The Nesting Place, and Aidoru's carefully laid plans, were gone.
We made it, he said softly. Dorothy...we made it.
But someone else didn't.
He tried to turn his head in the direction her wobbly finger was pointing. Failed. She reached him, dropped down beside him, and turned it for him with gentle hands. He almost cried out at the pain, but when he saw what she was pointing at, all that fell away.
There was a tangle of what looked like old metal scraps a few paces away, poles leaning together in a tangled mess, jagged edges where their tops had been cut away raggedly. It took Quatre three tries to realize that they were the remains of what had once been The Nesting Place's supercomputer, and six tries to realize that the dark object impaled on the poles was not old rags or someone's laundry.
It was a body.
No, more than that. It was still alive.
"That's..." he whispered brokenly, sickened, and Dorothy nodded. She looked a bit nauseous herself, glancing only once more at it before turning away.
"We're done," she said. "Let's get out of here."
But he held up a hand. "Wait," he said.
"Wait?" she sounded incredulous. "The Nesting Place is going to collapse, Quatre! We've got about a minute before it all goes to hell, and you want to wait?"
"Wait," he said again, and he did not know how, but he pushed himself to his feet, limped over toward the figure still twitching on those long metal poles. He had gone about fifteen steps when he realized that the ground was shaking, and that the poles were standing in the middle of a wide lake of what looked like steaming molten metal. He stopped.
"Quatre-"
He held up a hand, willing the Zero system to work. It creaked and groaned and gave him little puffs of steam in protest.
No. Don't give up now. I need you.
One final burst of energy, and for a split second, he saw what he needed to see. It was enough. He turned away, not sure whether to feel sorry or just feel sick.
"What was that, Quatre?" Dorothy said, coming up behind him painfully.
"Can't you see it?" he said, pointing out at the lake, at the poles, at the body. It spasmed, seeming to hiccup upon itself, but he stood his ground. It was just a shell, he reminded himself. The mind that had inhabited it had not, for all its brilliance, anticipated the sheer simplicity of Dorothy's attack. And that had been its undoing.
Aidoru's heart still beat and Aidoru's blood still flowed, but Aidoru as the world had known him, was dead. If "him" could even still be used.
"Aidoru...was a woman," Dorothy breathed, sounding stunned. "Wait a second, Quat...Oh my God. That's Major Li. That's Une's aide." She swallowed convulsively. "She was Aidoru?"
He drew a deep breath. "I can't believe we didn't realize it. All this time, right under our very noses. Even me, and I was in trial most of the time I was at Geneva. I should have noticed something."

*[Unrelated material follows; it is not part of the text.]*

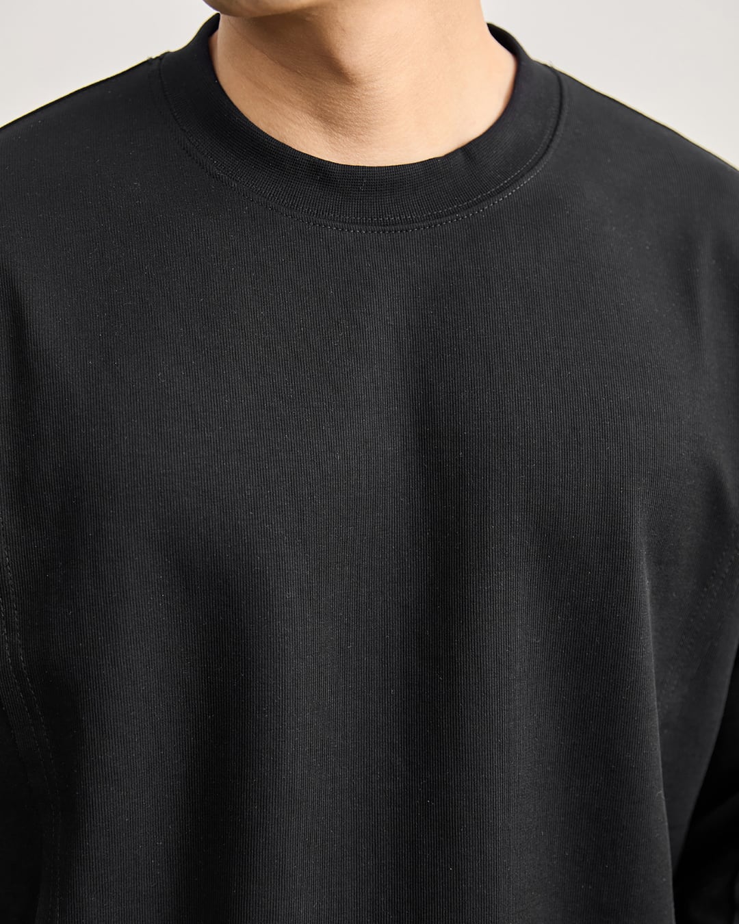 装飾を抑えたミニマルなデザインのクルーネックロングスリーブ。

The ground shifted again, and this time everything slid noticeably ten meters to the left. Or maybe it was to the right. He couldn't really tell. The metal poles shook too, and Li's head lolled towards the ground, her long hair straggling over one shoulder. Dorothy grabbed his hand. "Stop looking. We're leaving, Quat. We've done what we came to do. L3's techs know what to do from here. The place is about to blow."

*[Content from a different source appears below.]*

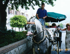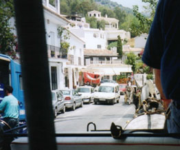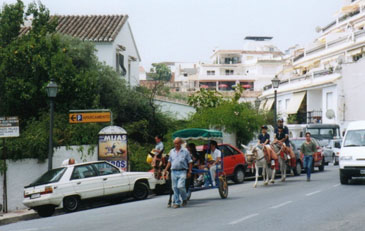 ミハスへ通じる道路に入りますと後は迷うことはありません。一本道なのです。ですが、結構急な坂道ですのでスピードはガタ落ちになります。後続の車にはせかされますが、シフトダウンしてもなかなかスピードが上がりません。あんまりアクセルを踏み込んだものでエンストを繰り返し、やっとのことでミハスの町の入り口に辿り着いたのはお昼を大分過ぎていました。ここがミハスかぁ。。。と、あたりを見渡しますが何となく観光地らしからぬ家並みです。どこが白い村なんでしょう。。。狭い道ですが、もう少し奥に進んでみます。おや、馬車がやってきます。段々と観光客っぽい人達も見えてきました。ミハスの白い家は村の奥の方にあるようです。大した距離は走らなかったのですが、ちょっと疲れました。車を適当な場所に停めてBARでちょっと一休みします。

Quatre cast one last look at Li, pinned to the very machine which had once proclaimed her a god, trapped forever inside her own mind. He tried to feel sad, tried to feel something, but all he felt was very, very tired.
"We're leaving," he said, and the Zero system swelled inside him, almost as intoxicating as the very first time he had experienced its power, and took him away.